The Enid Daily Wave (later the Enid Morning News) began on December 11, 1893, under the management of editor J.L. Isenberg. Isenberg had a reputation for being an opinionated Democrat and his paper reflected his opinions. This ultimately led to a showdown between Isenberg and R. W. Patterson, Registrar of the United States Land Office. Isenberg had expected preferential treatment concerning the purchases of advertisements, as they were both Democrats, but Patterson instead favored a competing newspaper at the time, the Tribune-Democrat. Isenberg then published articles denigrating Patterson. On June 26, 1895, a fight broke out between the two. E. C. Williams, City Marshal of Enid, attempted to break up the fight. Ultimately, Williams and Patterson shot each other. Isenberg fled to Kingfisher, and after a brief return to Enid, eventually moved to California. The paper continued to be published as the Enid Morning News from 1908 to 1916, the Enid Daily News from 1916 to 1923.

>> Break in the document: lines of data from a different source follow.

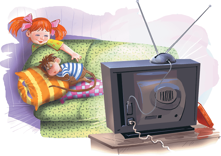 Папа её из стула достал и на диван перед телевизором посадил. Тут и мама пришла. Мама пришла и сразу сказала: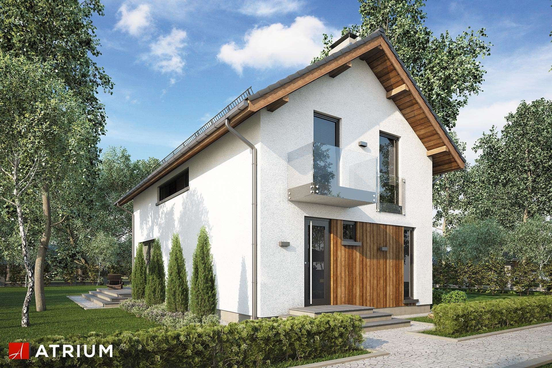 Dom jednorodzinny, parterowy z poddaszem użytkowym, przykryty dwuspadowym dachem, idealny na wąskie działki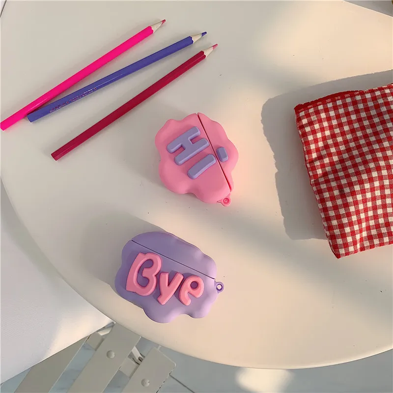 AirPod 2 Case 3D HI BYE Cloud Letter Cartoon Soft Silicone Wireless Earphone Cases For Apple Airpods Case Cute Cover

In February 1923, the papers were combined to form the Enid Publishing Company. Former Enid Mayor and Oklahoma Congressman Milton C. Garber served as editor and president. William M. Taylor, vice president and business manager, owned the paper along with Will and Edmund Frantz. The Taylor and Garber families were crucial to the publishing company's operation for three generations with the involvement of John W. Taylor, Steve Taylor, Milton Garber, Jr., and Todd Garber.

The Thomson Corporation acquired the News & Eagle in 1988, and sold it to Hollinger International in 1996. Hollinger sold off most of its small papers in 1999, the Enid News & Eagle went to Community Newspaper Holdings.